### EXERCISE DIRECTIONS
In this exercise, print only the lines of the records below from the one with "キッチンは2口コンロ付きで、" through the one with "Auf den nicht", inclusive. Pictures are not part of the copy.

### ENTRIES PROVIDED
-- Opening Marker --

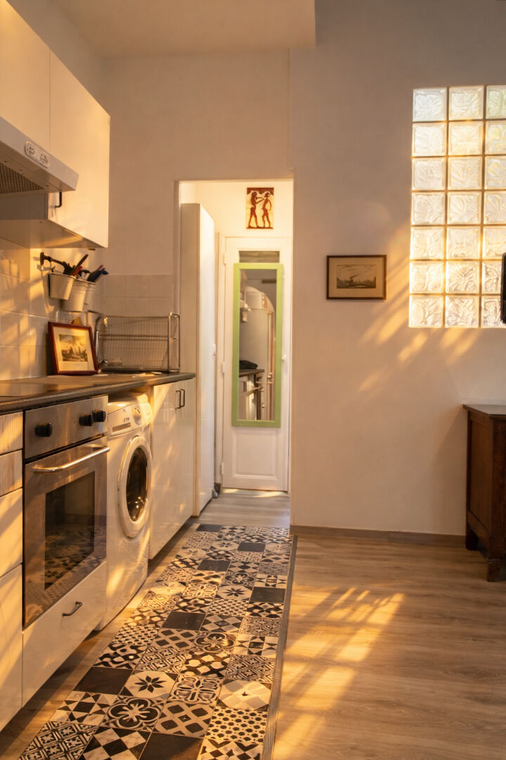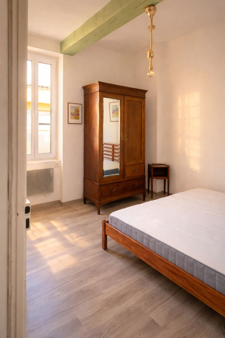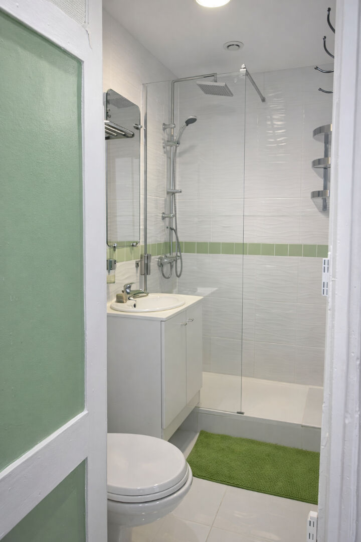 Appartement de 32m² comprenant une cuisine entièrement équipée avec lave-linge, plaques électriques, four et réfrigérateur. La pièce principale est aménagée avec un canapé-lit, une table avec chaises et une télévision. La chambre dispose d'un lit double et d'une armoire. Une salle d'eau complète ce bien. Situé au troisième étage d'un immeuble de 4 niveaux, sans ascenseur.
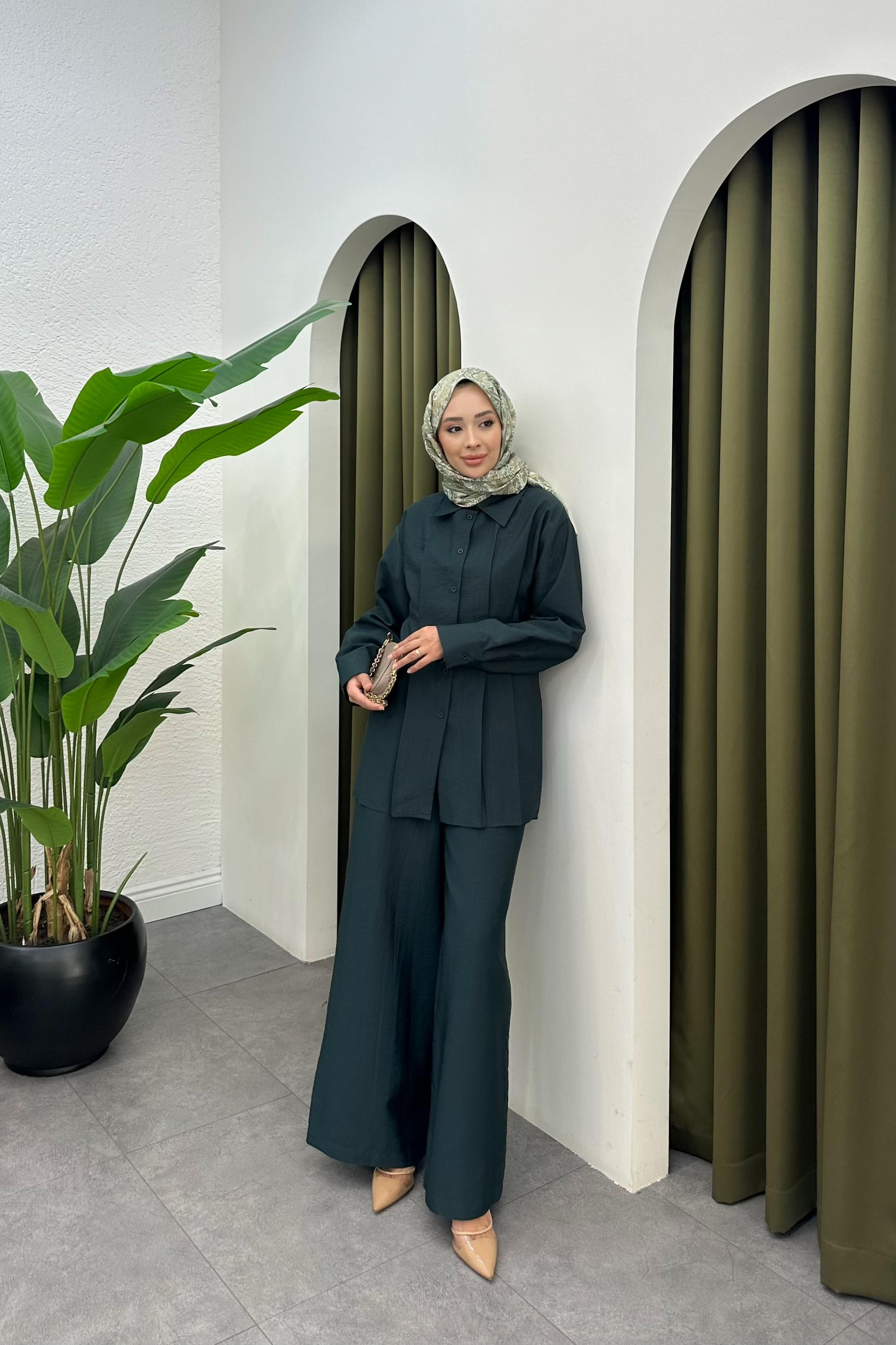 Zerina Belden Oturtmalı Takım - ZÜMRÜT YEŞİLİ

-- Closing Marker --
-- Opening Marker --

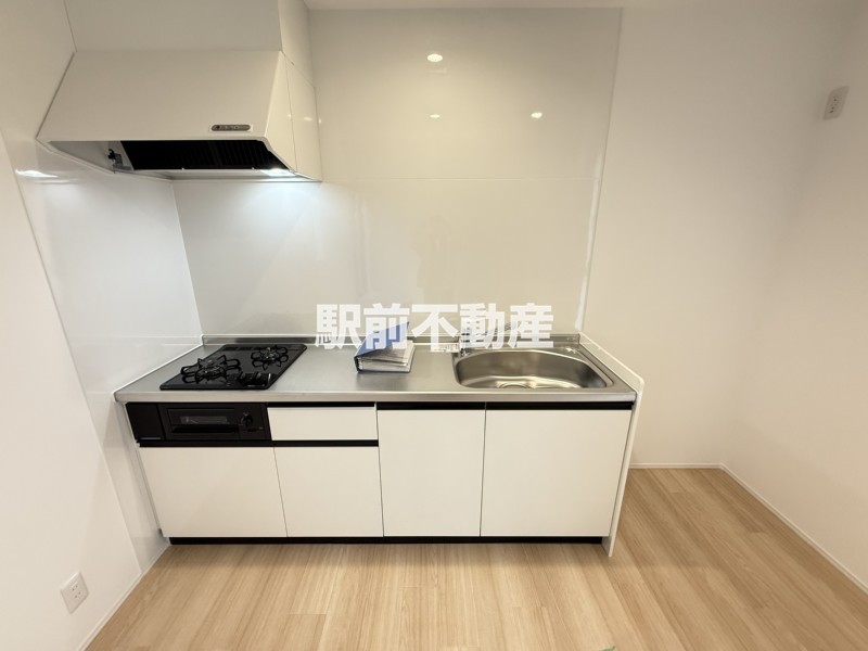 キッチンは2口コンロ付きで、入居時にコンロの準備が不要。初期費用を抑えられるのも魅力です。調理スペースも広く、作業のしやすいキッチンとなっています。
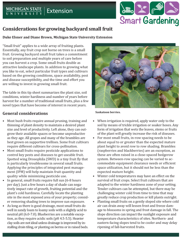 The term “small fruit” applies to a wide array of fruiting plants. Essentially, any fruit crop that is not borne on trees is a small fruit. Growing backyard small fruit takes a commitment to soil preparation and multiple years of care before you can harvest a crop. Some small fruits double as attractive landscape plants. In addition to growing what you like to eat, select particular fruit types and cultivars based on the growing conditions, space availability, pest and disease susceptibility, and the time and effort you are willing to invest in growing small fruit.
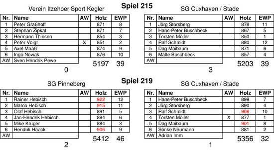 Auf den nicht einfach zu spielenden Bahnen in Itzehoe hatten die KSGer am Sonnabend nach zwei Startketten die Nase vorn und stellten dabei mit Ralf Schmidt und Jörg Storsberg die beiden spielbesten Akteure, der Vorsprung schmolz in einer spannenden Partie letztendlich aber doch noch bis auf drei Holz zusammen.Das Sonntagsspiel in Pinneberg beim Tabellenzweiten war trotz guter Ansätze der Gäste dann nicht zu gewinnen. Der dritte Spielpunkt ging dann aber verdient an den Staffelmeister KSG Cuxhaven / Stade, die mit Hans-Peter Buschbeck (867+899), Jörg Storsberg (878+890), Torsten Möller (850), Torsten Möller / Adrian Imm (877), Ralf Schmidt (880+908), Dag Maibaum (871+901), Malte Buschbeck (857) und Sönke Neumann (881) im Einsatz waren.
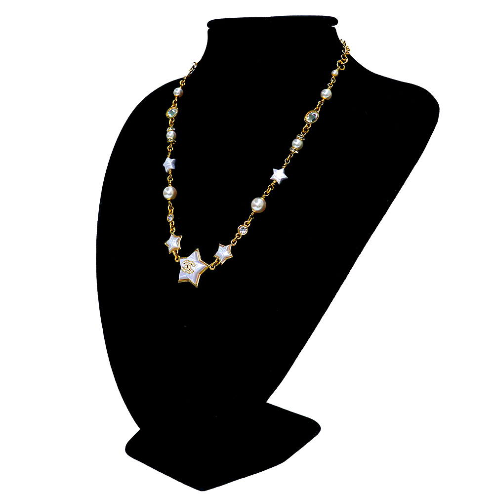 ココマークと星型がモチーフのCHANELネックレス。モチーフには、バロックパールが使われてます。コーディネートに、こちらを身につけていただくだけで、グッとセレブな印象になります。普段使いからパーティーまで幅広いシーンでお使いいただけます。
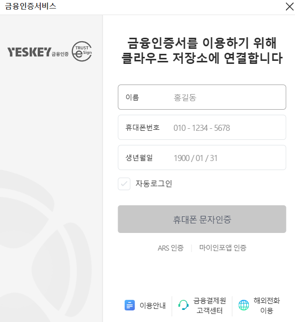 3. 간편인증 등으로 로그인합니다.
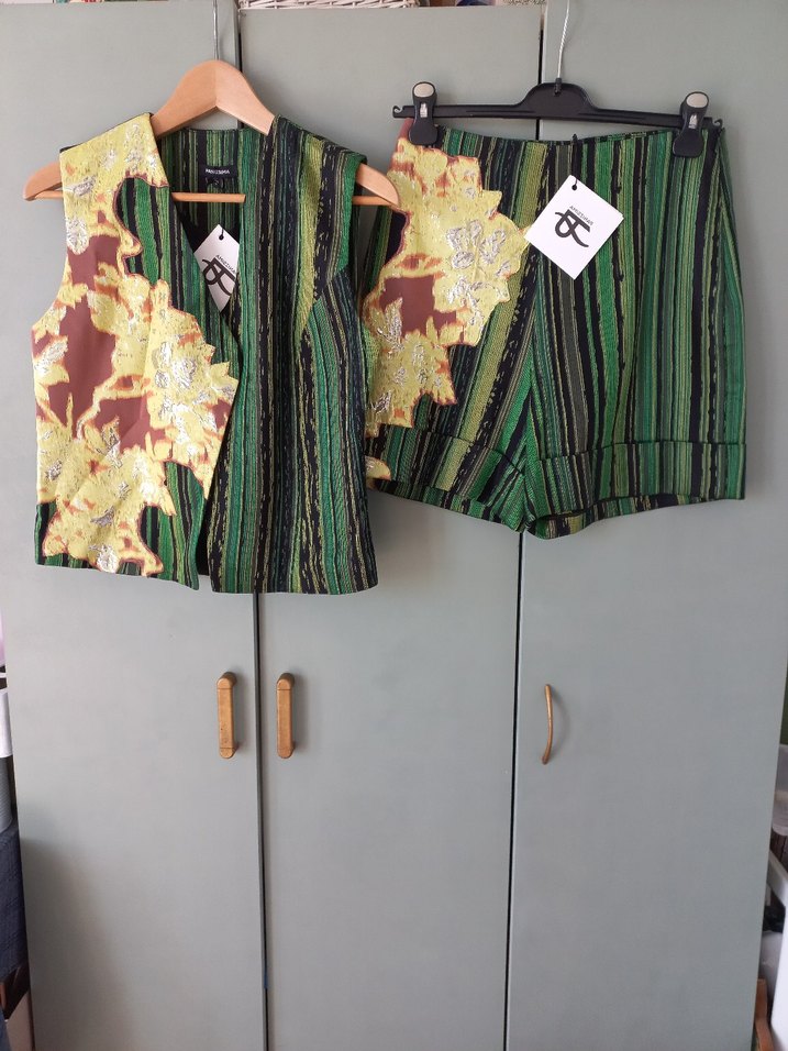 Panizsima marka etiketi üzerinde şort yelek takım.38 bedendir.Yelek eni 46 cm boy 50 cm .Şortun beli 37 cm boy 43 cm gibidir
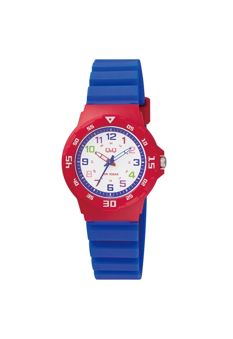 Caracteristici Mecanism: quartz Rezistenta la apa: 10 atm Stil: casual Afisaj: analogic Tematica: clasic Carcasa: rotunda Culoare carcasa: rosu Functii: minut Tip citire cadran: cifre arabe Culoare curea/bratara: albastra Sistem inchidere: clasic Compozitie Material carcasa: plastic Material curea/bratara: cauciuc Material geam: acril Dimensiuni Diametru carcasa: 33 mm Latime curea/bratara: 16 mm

-- Closing Marker --

### EXPECTED ANSWER
 キッチンは2口コンロ付きで、入居時にコンロの準備が不要。初期費用を抑えられるのも魅力です。調理スペースも広く、作業のしやすいキッチンとなっています。
 The term “small fruit” applies to a wide array of fruiting plants. Essentially, any fruit crop that is not borne on trees is a small fruit. Growing backyard small fruit takes a commitment to soil preparation and multiple years of care before you can harvest a crop. Some small fruits double as attractive landscape plants. In addition to growing what you like to eat, select particular fruit types and cultivars based on the growing conditions, space availability, pest and disease susceptibility, and the time and effort you are willing to invest in growing small fruit.
 Auf den nicht einfach zu spielenden Bahnen in Itzehoe hatten die KSGer am Sonnabend nach zwei Startketten die Nase vorn und stellten dabei mit Ralf Schmidt und Jörg Storsberg die beiden spielbesten Akteure, der Vorsprung schmolz in einer spannenden Partie letztendlich aber doch noch bis auf drei Holz zusammen.Das Sonntagsspiel in Pinneberg beim Tabellenzweiten war trotz guter Ansätze der Gäste dann nicht zu gewinnen. Der dritte Spielpunkt ging dann aber verdient an den Staffelmeister KSG Cuxhaven / Stade, die mit Hans-Peter Buschbeck (867+899), Jörg Storsberg (878+890), Torsten Möller (850), Torsten Möller / Adrian Imm (877), Ralf Schmidt (880+908), Dag Maibaum (871+901), Malte Buschbeck (857) und Sönke Neumann (881) im Einsatz waren.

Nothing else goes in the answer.